El desembarco de grandes proyectos energéticos y tecnológicos sigue alimentando el debate sobre el modelo de desarrollo que se está consolidando en Aragón. Mientras en territorios como el Matarranya la posible implantación de proyectos eólicos provoca una profunda división social, en Zaragoza el conflicto ha estallado por otro motivo.
La llegada de Microsoft, con su propuesta para levantar uno de los mayores centros de datos planteados en la geografía aragonesa, ha puesto en pie de guerra a parte de las personas propietarias de los terrenos sobre los que descansarán las instalaciones.
La parte afectada denuncia que el Gobierno de Aragón les expropia unas parcelas clasificadas en el Plan Urbanístico como suelo urbanizable no delimitado de uso terciario, aplicando una valoración que consideran impropia de esa clasificación urbanística.
Ana Garza es vecina de Calaceit y una de las afectadas, y señala que la tasación, que "no viene ni del Gobierno de Aragón ni del Ayuntamiento de Zaragoza", sino que la ha hecho "un perito contratado por Microsoft", se ha fijado en 1,75 euros el metro cuadrado. Cifra que califican de "precio ridículo", teniendo en cuenta que las fincas están en las inmediaciones de Puerto Venecia.
Según explica la afectada para matarranya.media, "hace un par de años recibimos una llamada anónima de una persona del extranjero que quería comprar los terrenos a un precio irrisorio". Una oferta de compra que la familia rechazó por considerarla muy inferior al valor real de las parcelas.

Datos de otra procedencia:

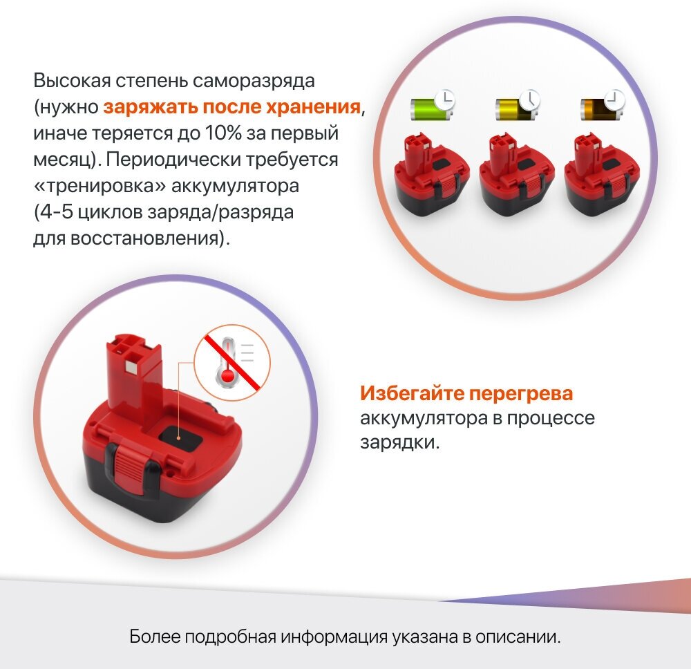 - Малый заряд аккумулятора по сравнению с NiMh батареями 2,6 Ah

"Nos dijeron que, si queríamos saber qué empresa estaba detrás de la operación, debíamos firmar un acuerdo de confidencialidad. Nos negamos, y al tiempo descubrimos por prensa de que era Microsoft", relata Ana Garza. Poco después recibieron una nueva llamada en la que, asegura la afectada, se les advirtió que, si no aceptaban la oferta, los terrenos acabarían siendo expropiados.
"Les respondimos que ya nos veríamos en la expropiación". ¿Cuál fue su sorpresa? "El Gobierno de Aragón anunció que iba a tramitar un PIGA (Plan de Interés General de Aragón)", puesto que es un proyecto que "va a generar 3.000 puestos de trabajo". Sin embargo, tal y como alega la afectada, para que Gobierno de Aragón apruebe un PIGA, debería existir un proyecto. Y "por la información que nosotros tenemos", la compañía no ha presentado ningún proyecto. Sólo ha registrado una memoria.
Sin embargo, Ana Garza sostiene que esa memoria ha bastado para que Gobierno de Aragón y Ayuntamiento de Zaragoza hayan seguido adelante con el proceso. De hecho, "ni siquiera podemos acceder a los terrenos. Están vallados y han comenzado los trabajos de limpieza", denuncia.
Además, la afectada explica que, a su juicio, el procedimiento de expropiación no ha seguido los cauces habituales. Si bien los afectados presentaron la correspondiente hoja de aprecio donde valoraban sus fincas, desde la administración recibieron una contestación anunciándoles que ya habían sido expropiados.
"No hemos cobrado ni un duro, el Gobierno de Aragón ya ha puesto mis terrenos a nombre de Microsoft y no hemos podido defender lo que consideramos el valor real de las parcelas". Asimismo, Ana Garza asegura que la multinacional ya había accedido a los terrenos antes incluso de que el cambio de titularidad les fuese comunicado de manera oficial, un hecho que, junto a otras familias afectadas por el futuro centro de datos, han llevado a los tribunales.
Según explicó el rotativo El Mundo, Microsoft sostiene que el proceso se ajusta a la legalidad, mientras que el Gobierno de Aragón defiende el interés general de dicho proyecto.
Las palabras de Ana Garza encuentran eco en el Matarranya, donde se vive con recelo el avance de proyectos vinculados a los centros de datos y al consumo que precisan, tanto de agua como de energía. Y es que, si bien parecen conflictos independientes, comparten una misma esencia: el trato de favor a grandes multinacionales cuya capacidad de influencia sitúa sus intereses por encima de los derechos patrimoniales y las necesidades del territorio que habitan.